### Task instructions
Beginning with the line containing "Wool pieces in" and ending with the line containing "ミッション 排気量 |", write out each line of the records below exactly; pictures and lines outside that range are left out.

### Data records

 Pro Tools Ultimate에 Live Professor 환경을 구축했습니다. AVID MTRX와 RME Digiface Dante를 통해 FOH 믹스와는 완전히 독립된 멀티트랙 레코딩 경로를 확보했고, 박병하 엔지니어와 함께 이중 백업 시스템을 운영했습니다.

* * *

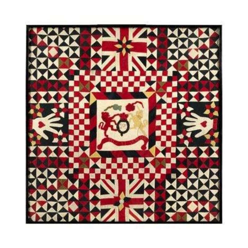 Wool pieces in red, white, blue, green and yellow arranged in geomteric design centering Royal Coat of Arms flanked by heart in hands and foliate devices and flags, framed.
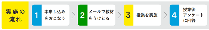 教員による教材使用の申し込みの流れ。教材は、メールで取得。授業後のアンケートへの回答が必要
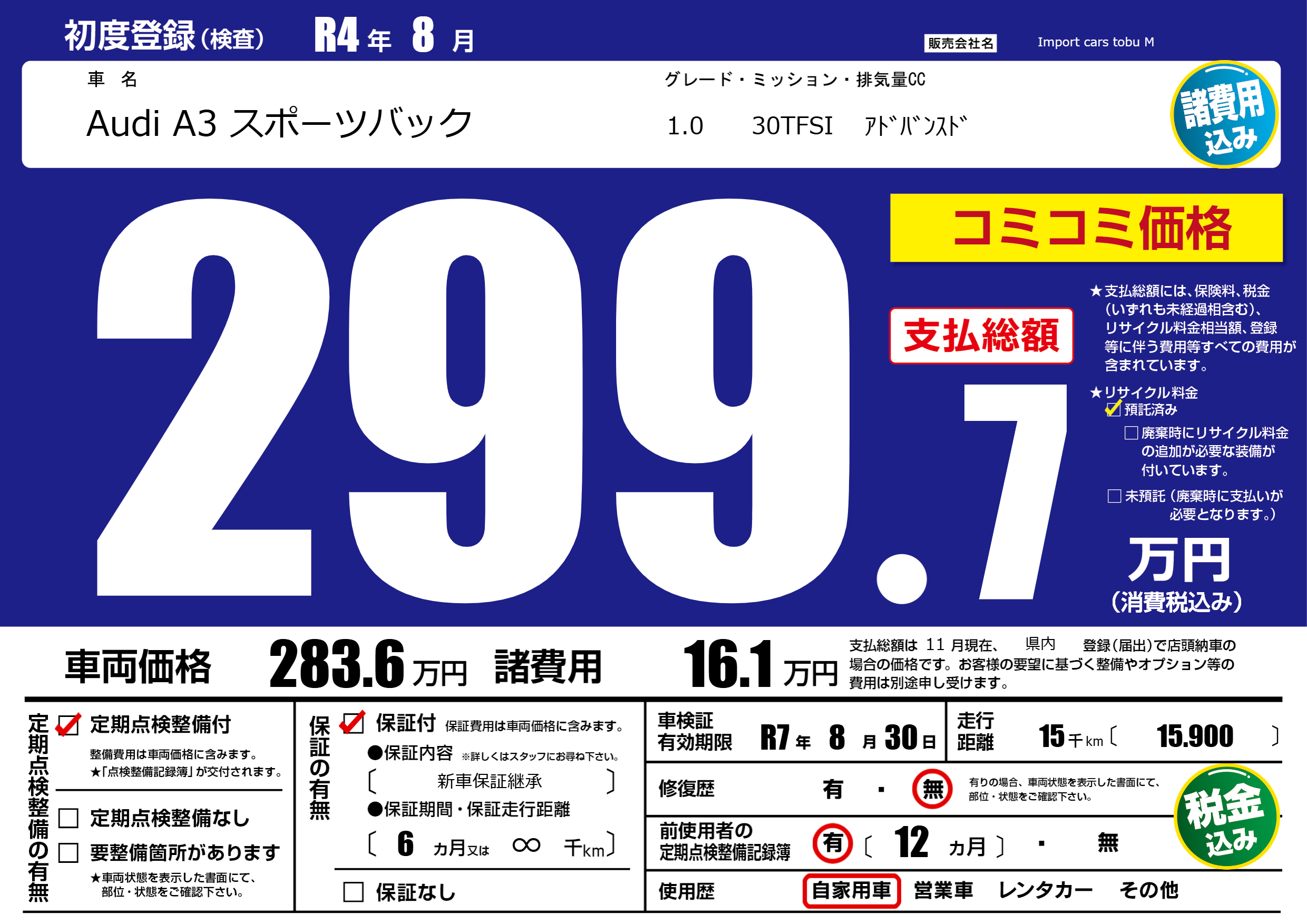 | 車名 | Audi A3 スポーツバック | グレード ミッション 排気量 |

### Response area
 Wool pieces in red, white, blue, green and yellow arranged in geomteric design centering Royal Coat of Arms flanked by heart in hands and foliate devices and flags, framed.
 教員による教材使用の申し込みの流れ。教材は、メールで取得。授業後のアンケートへの回答が必要
 | 車名 | Audi A3 スポーツバック | グレード ミッション 排気量 |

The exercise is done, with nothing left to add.